6.  I quote:  “Finally flow is what Czikscentmihalyi calls ‘autotelic’”:  It is self-rewarding, an end in itself.  

Someone sent me a post about a newly identified “feeling state” that is attracting attention.  It is called Autonomous Sensory Meridian Response and refers to those people (not everyone has this response) who respond with a physiologically deep pleasure to a whispering, nurturing face in close proximity.  Try YouTube to find out more.  It seems like the way we approach babies and lovers.  No doubt there will be a book soon.  It doesn’t work on me.  I feel threatened, intruded upon, in danger of capture.  I DO respond to Tim’s tough, grim reality advice, up close and personal, but not this warm fuzzy way.

What interests me is that people really “get off” on these various experiences like flow and ASMR in the way that religious response used to be described.  Yet they are quite secular and certainly various.  So now I’m confirmed in the idea that the place to start, the ultimate common denominator, is the human response to the universe.  It is not the institution, not the statement of beliefs (rules), not the ritual framing, not the content of the ritual structure, not faith -- though they can all matter -- but somehow triggering the whole person response that we sometimes call “from the heart” and that is sometimes transfiguring.

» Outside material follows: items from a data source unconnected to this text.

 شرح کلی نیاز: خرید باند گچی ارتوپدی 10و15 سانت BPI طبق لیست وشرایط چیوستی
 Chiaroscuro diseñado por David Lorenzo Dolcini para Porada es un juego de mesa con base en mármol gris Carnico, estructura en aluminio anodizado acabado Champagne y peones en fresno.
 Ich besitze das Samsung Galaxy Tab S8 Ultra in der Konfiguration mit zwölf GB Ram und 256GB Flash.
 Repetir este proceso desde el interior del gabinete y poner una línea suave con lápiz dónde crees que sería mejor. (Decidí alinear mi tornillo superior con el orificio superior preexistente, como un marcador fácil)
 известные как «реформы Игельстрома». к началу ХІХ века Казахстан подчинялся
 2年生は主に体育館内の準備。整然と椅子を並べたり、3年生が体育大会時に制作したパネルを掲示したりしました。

Where are the hot buttons and how do we push them?  To what degree are they personal and unique and how much is dictated (framed) by the culture?  Is the “kind” of liminality involved different between, say, ASMR and “flow”?  What would an fMRI of the brain show?  Are some people incapable of ALL these responses and therefore impossible to touch with spirituality?  Or might they simply need “buttons” so specific, intense and possibly dangerous (S/M between powerful men; combat veterans; extreme sports) that they fall outside any category we consider?

Let’s dump the idea that spirituality means trailing around in a phosphorescent nightgown with praying hands and flowing hair.  Why can’t the spirit have more life, juice, and rhythm than that?  (Oh, hello, autochthony!)  Lugubrious, spooky, social framing is left over from two centuries ago.  (The nineteenth.)  Not that the spiritual needs to be weird, casting off clothes and inhibitions, indulging in self-torture, deprivation to the point that one’s brain “flow” sputters and gutters and nearly goes out.  That was twentieth century.  Nor is spirituality rigid box-instead-of-frame forced compliance.  (Oh, hello, Taliban.)  Back to the idea of dance, music, moving process that responds to the world.  Get one’s capacities adjusted to the tasks of survival and you’ve got flow, possibly “spiritual.”

So now my premise is that in order to provide a liminal liturgy for a person or a congregation or oneself, it is necessary to pay attention to the things denoted as framing (structure, prescribed script) in order to focus on the things connoted as the content of ritual, whether words are included or not.  This is my bone chalice container/contained guide.  

To provide a familiar example, the Euro-American liminoid pattern of Sunday worship:  call to worship, confession of sins, assurance of pardon, consideration of issues, dispersal in peace.  The content can be completely “secular” in traditional terms, and still deeply move the congregation IF the frame is understood (fitting the culture) and the content is meaningful to the people present.  In a “perfect” (or maybe just “good enough”) service, flow will emerge.